Pictured: Brenda Withers as Matt Damon (at door) and Mindy Kaling as Ben Affleck in Matt & Ben.
(Photo: Robert Zash)

    Honestly, that was probably adequate preparation. You don’t need to know much about Matt, Ben or their history to understand the play. It’s a story as old as time. Just as ancient cultures turned to mythology to explain the inexplicable, Matt and Ben posits the idea that Hollywood success is another phenomenon beholden to the whims of the gods. In Act One, the completed script for Good Will Hunting falls from the ceiling of Ben Affleck’s apartment. Both characters perceive this as fate, and debate ensues: Can they take credit for this script? Can they both take credit for it? Who gets to play the lead role? Can they coast on the probable success of this script forever?
    The hook — and you knew there had to be one — is that Matt and Ben are played by women (playwrights Brenda Withers and Mindy Kaling). File under “S” for superfluous post-modern headfuck, right? Not really. The women play the roles affectionately, keeping the play safely out of rant range. Aside from a trip back in time, the play is confined to one Saturday afternoon in Affleck’s apartment, after School Ties but before the Oscar-winning Good Will Hunting script was “written.” There, the duo’s past, present and conjoined futures are played out before us. We learn that Matt is intense, talented and kind of creepy. Ben is revealed to be obnoxious, popular and possibly the victim of a devastating head wound. Gwyneth Paltrow and J.D. Salinger appear to offer guidance. We learn that Ben upstaged Matt during a high-school-talent-show performance of “Bridge Over Troubled Water.” Ben declares his desire to meet Daisy Fuentes — you see, he really likes Latin women.
    This tendency to play it safe-and-pleasant results in a performance that’s conspicuously lacking in sexual charge you might expect. Matt and Ben‘s Ben and Matt live in a suspended, sanitized adolescence, one that involves a lot of cute practical jokes, pizza and a counterproductive admiration for Catcher in the Rye. (When we first encounter them, they’re trying to adapt Catcher for the screen. It later turns out that Salinger has already sold the rights to “a charming Chinaman,” action director John Woo.)

    The lead performers’ gender swap is cute and charming, but not particularly weighty. If anything, it’s an indication that Damon and Affleck have become such plasticine celebrities — so totally dehumanized by tabloid speculation and Hollywood ambition — that they can be replaced, for the course of an evening, by girls. We’d be tempted to make much of the possible homodynamic between Matt and Ben, but here, it’s relegated to a couple of obvious jokes: Ben dismisses all of Matt’s schemes as “gay,” like balking when Matt insists that they stare into each other’s eyes intently to practice their roles.
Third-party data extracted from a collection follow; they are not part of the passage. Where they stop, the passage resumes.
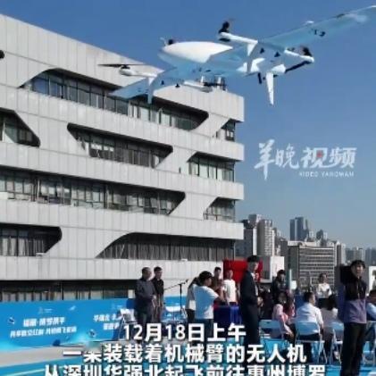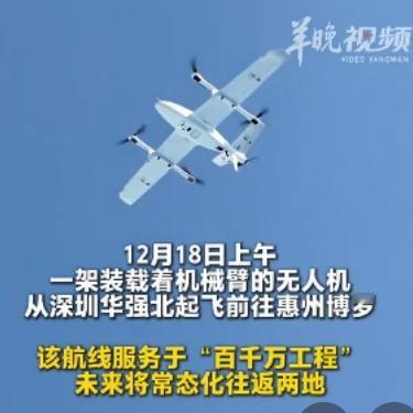 太牛了!深圳无人机带机械臂跨城狂飙80公里仅用半小时 今天上午在深圳华强北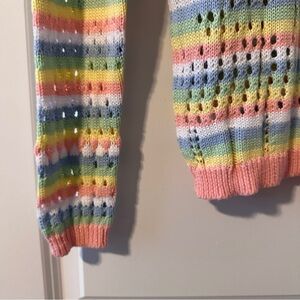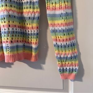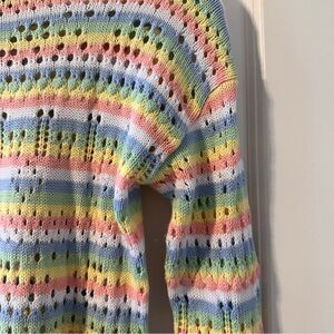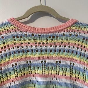 Colorful pastel striped knit sweater with open knit detailing through and contrast pink neckline, hem, and cuffs. Comfy, cute, and lightweight. Pre-owned in excellent condition, no holes or stains.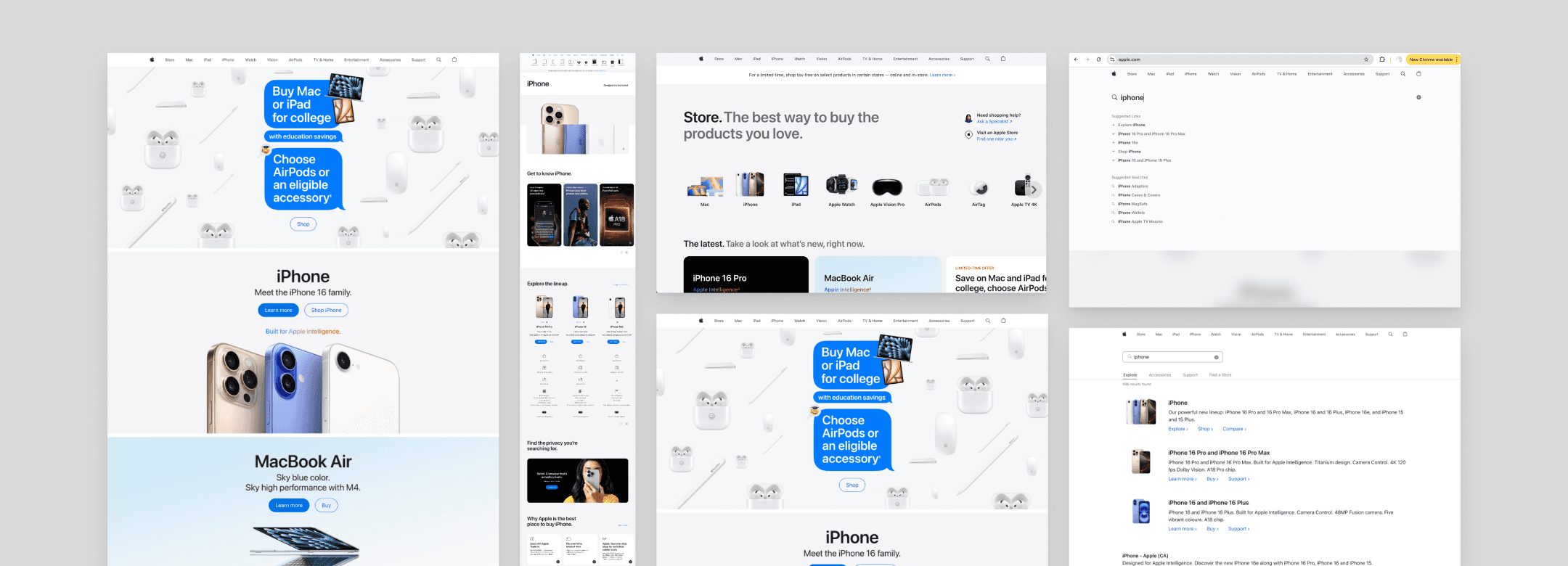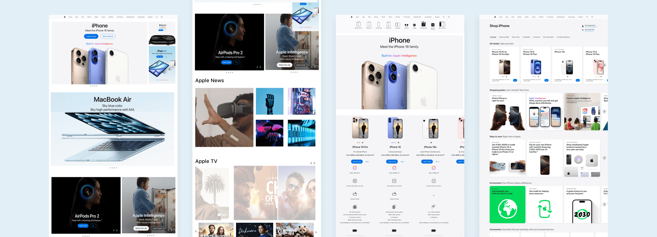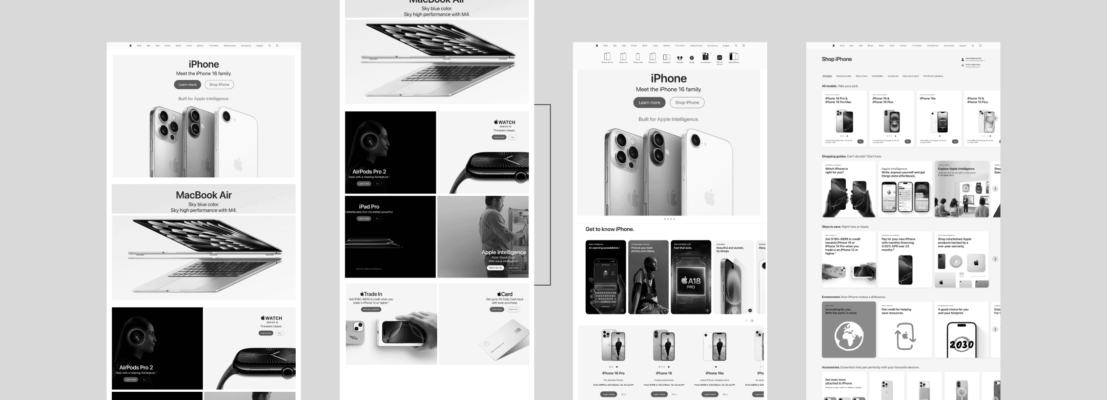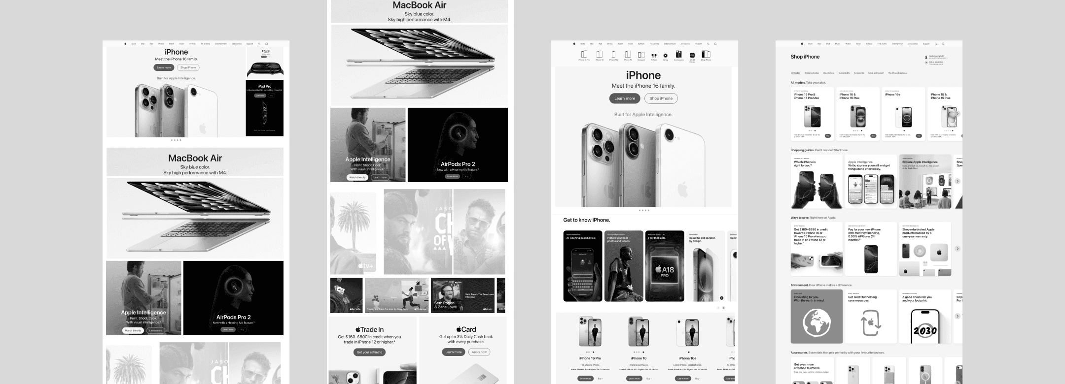 This review of apple.com highlights a highly polished, brand-led experience that leads with visual design, storytelling, and emotional engagement, for example: the high-quality imagery, consistent typography, and scroll-based narratives reinforce Apple’s premium positioning and encourage exploration.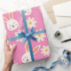 Cute Easter Bunny Pattern with Flowers on Pink Wrapping Paper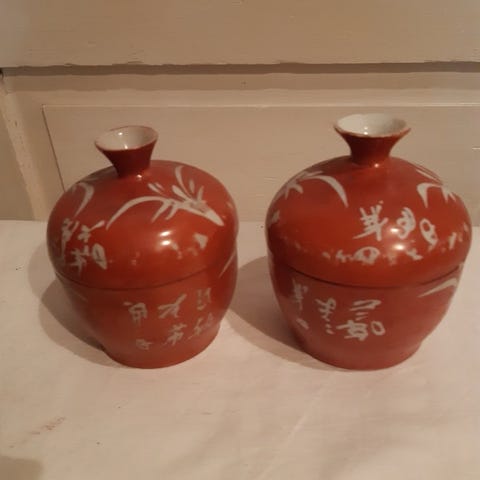 5 5 Blå/ hvide kinesiske Lågkrukker.,,,,🫙🫙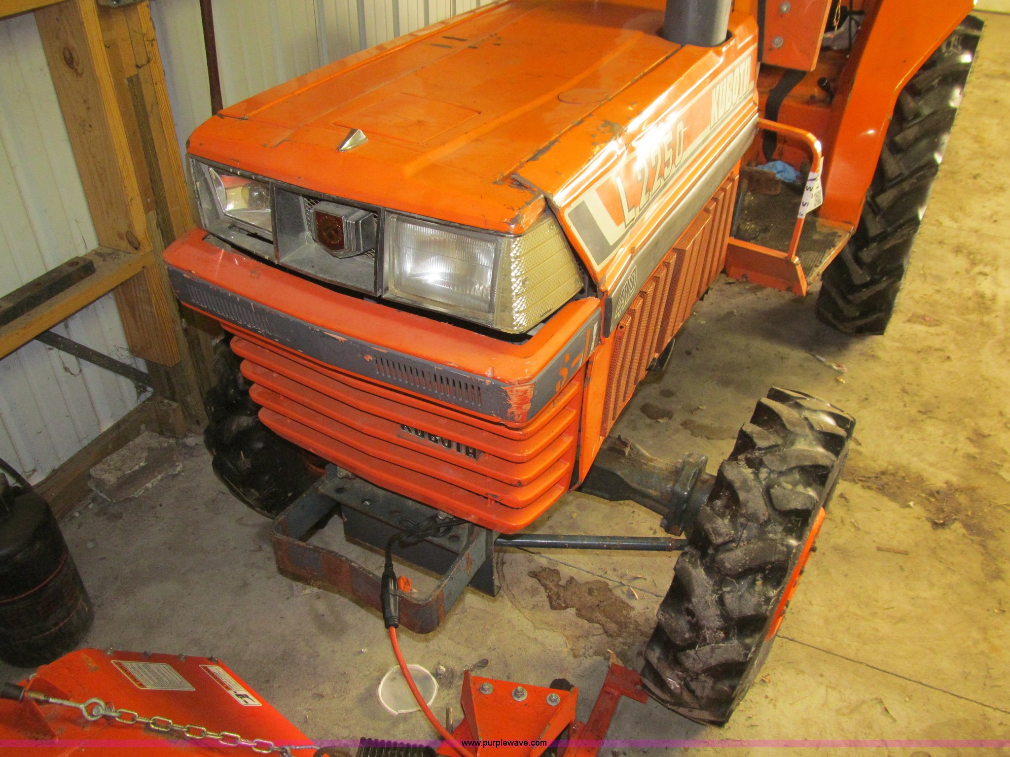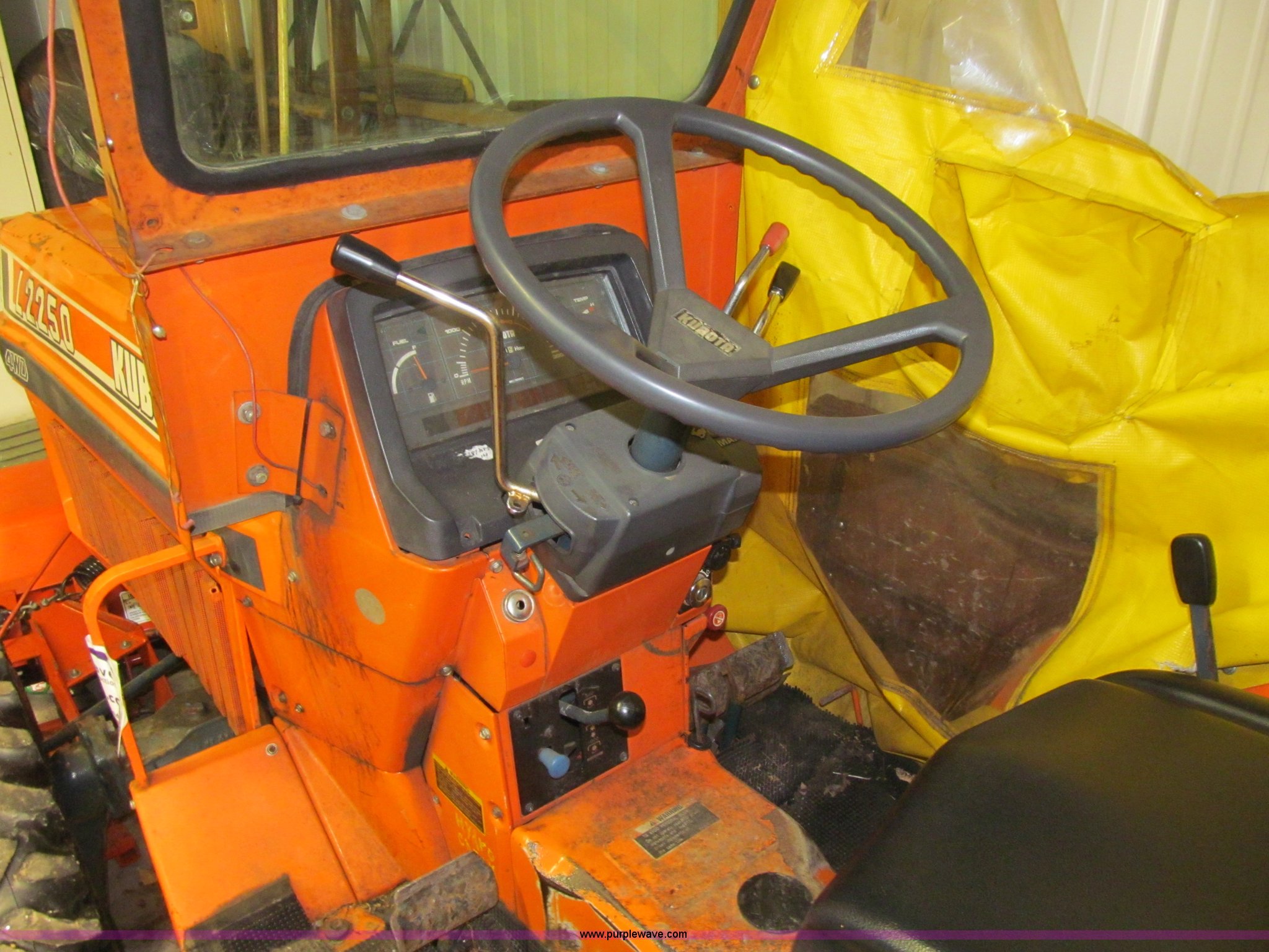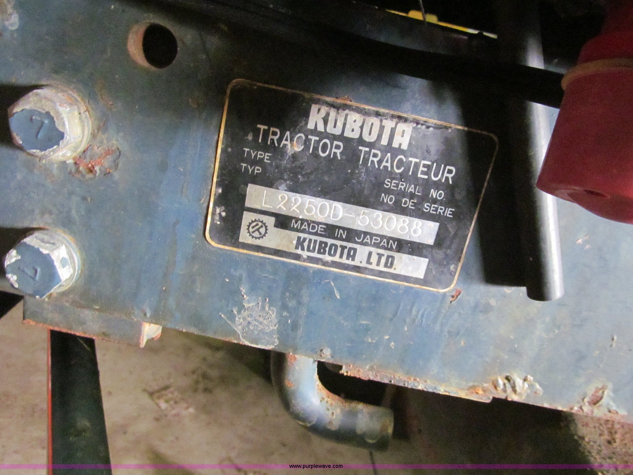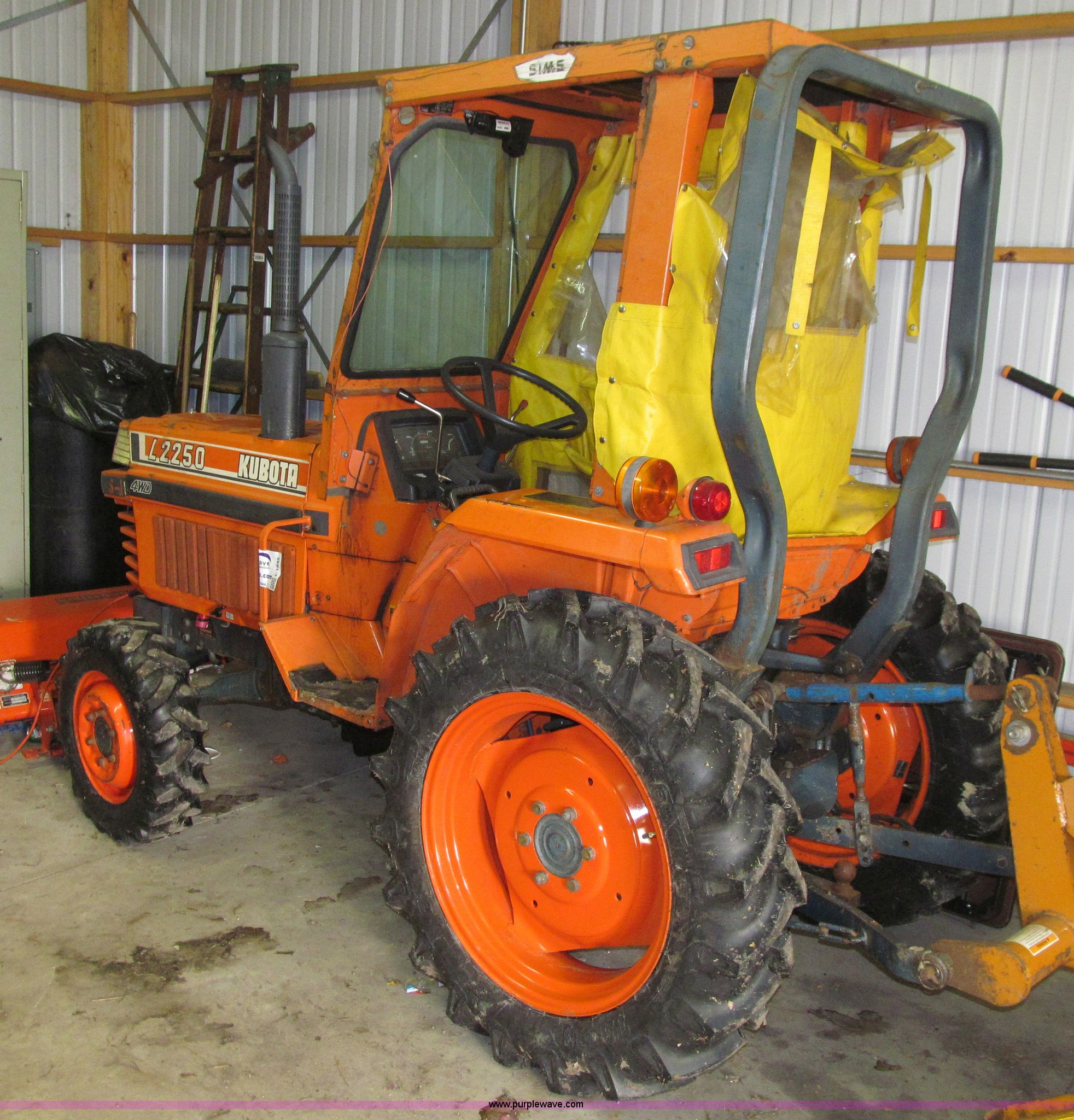 Purple Wave is selling a used Tractor in Iowa. This item is a Kubota L2250 MFWD tractor with the following: 1,631 hours on meter, Kubota D1402-DI-A three cylinder diesel engine, Mechanical shuttle transmission, 8F-7R gears, Differential lock, Spring suspension seat, Three point, Draw bar, 540 PTO, 7.7 gallon fuel tank, 65" wheelbase, 4.00-15 front tires, 9.5-24 rear tires, Serial L2250D-53088

    This is not a play about gender, masculinity or the meaning of male friendship. Rather, it’s about bored fans and their eagerness to conjure complete identities out of E! soundbytes. In a way, it’s reminiscent of the books of Harry Turtledove, whose novels present intricately imagined alternate realities based on the slight revision of historical events. With Matt and Ben, we all know the end result, so fun lies in playing with ideas about how it came to pass. (By “the end result,” of course, we mean the release of Gigli.)
    It would be the easiest thing in the world to spend an hour and fifteen minutes tearing apart Affleck and Damon: they’re obscenely lucky, possess dubious talent, have jaws that make them look like they have some sort of glandular disease, and they’re are total sluts. Not as easy is
creating a play that’s hysterical and sharp (the duo’s "adaptation" of Catcher in the Rye
consists of Matt reading the text out loud, spelling out the hard words, while Ben
types; in a fever dream, Gwyneth Paltrow convinces Matt it’s okay to take
credit for the script, in a play on tabloid rumors that she stole the script
for Shakespeare in Love from Winona Ryder’s coffee table) without being
nasty or prurient. Not that there’s anything wrong with nastiness or prurience, we’re just saying. Matt and Ben is Before They Were Rockstars meets Choose Your Own Adventure meets Square Pegs meets Charlie and the Chocolate Factory. It’s whip-smart and surprisingly enjoyable. We can only hope that Withers and Kaling enter the script into Project Greenlight.